§ INFORMATION SUPPLIED
Content starts
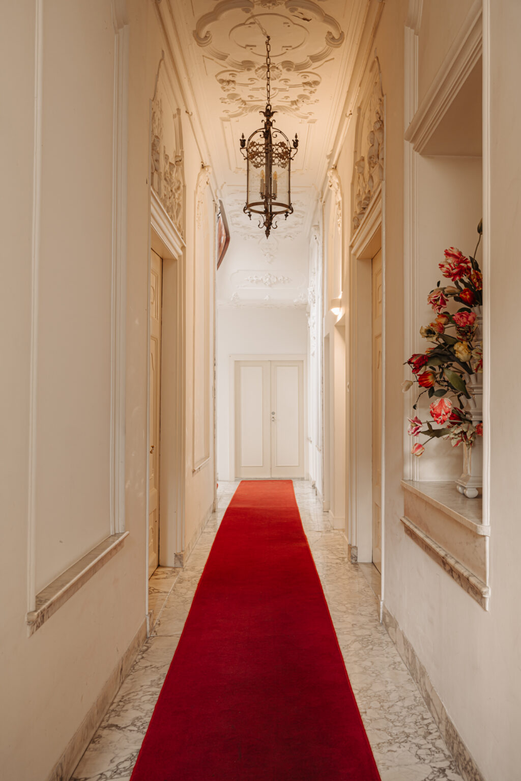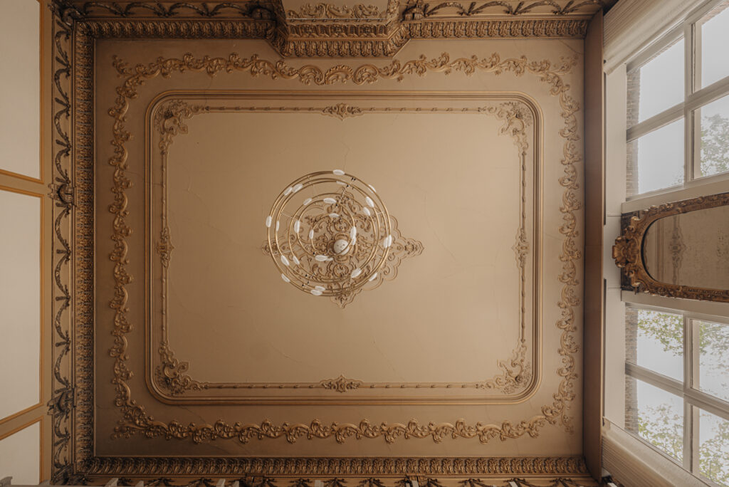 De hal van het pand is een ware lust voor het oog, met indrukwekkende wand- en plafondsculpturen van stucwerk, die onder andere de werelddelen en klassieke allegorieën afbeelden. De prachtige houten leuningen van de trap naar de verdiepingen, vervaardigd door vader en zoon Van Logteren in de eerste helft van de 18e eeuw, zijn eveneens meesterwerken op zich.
Content ends
Content starts
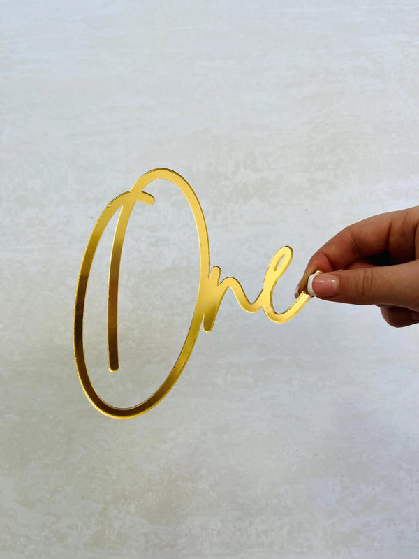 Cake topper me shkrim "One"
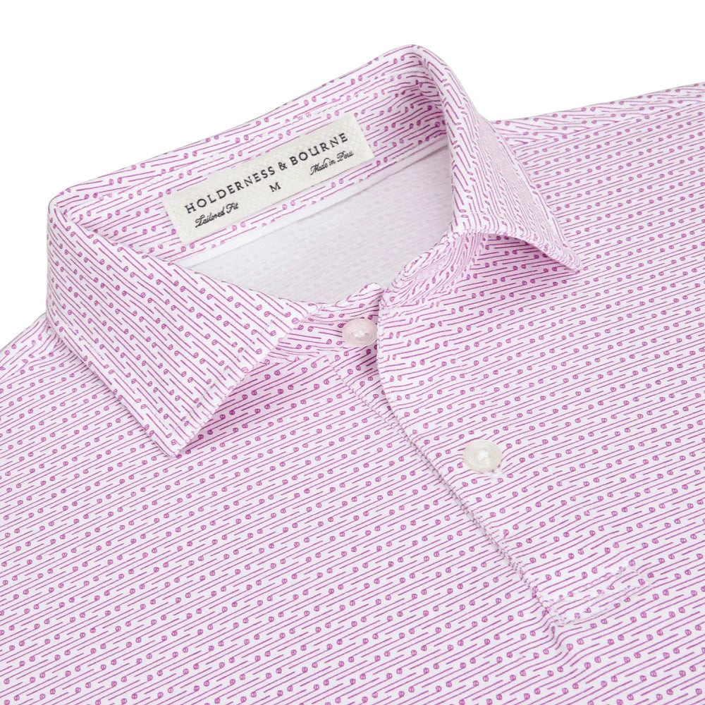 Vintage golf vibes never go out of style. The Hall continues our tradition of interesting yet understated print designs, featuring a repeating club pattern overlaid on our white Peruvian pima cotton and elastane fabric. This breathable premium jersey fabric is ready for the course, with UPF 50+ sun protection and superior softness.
Content ends
Content starts
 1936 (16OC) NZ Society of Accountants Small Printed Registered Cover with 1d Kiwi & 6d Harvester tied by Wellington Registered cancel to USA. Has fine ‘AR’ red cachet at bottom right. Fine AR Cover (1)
Content ends
§ TRY IT
Nothing but the lines from the one containing "Cake topper me" through the one containing "Vintage golf vibes" should appear, copied exactly from the material above and without pictures.

§ SOLUTION TO THIS EXERCISE
 Cake topper me shkrim "One"
 Vintage golf vibes never go out of style. The Hall continues our tradition of interesting yet understated print designs, featuring a repeating club pattern overlaid on our white Peruvian pima cotton and elastane fabric. This breathable premium jersey fabric is ready for the course, with UPF 50+ sun protection and superior softness.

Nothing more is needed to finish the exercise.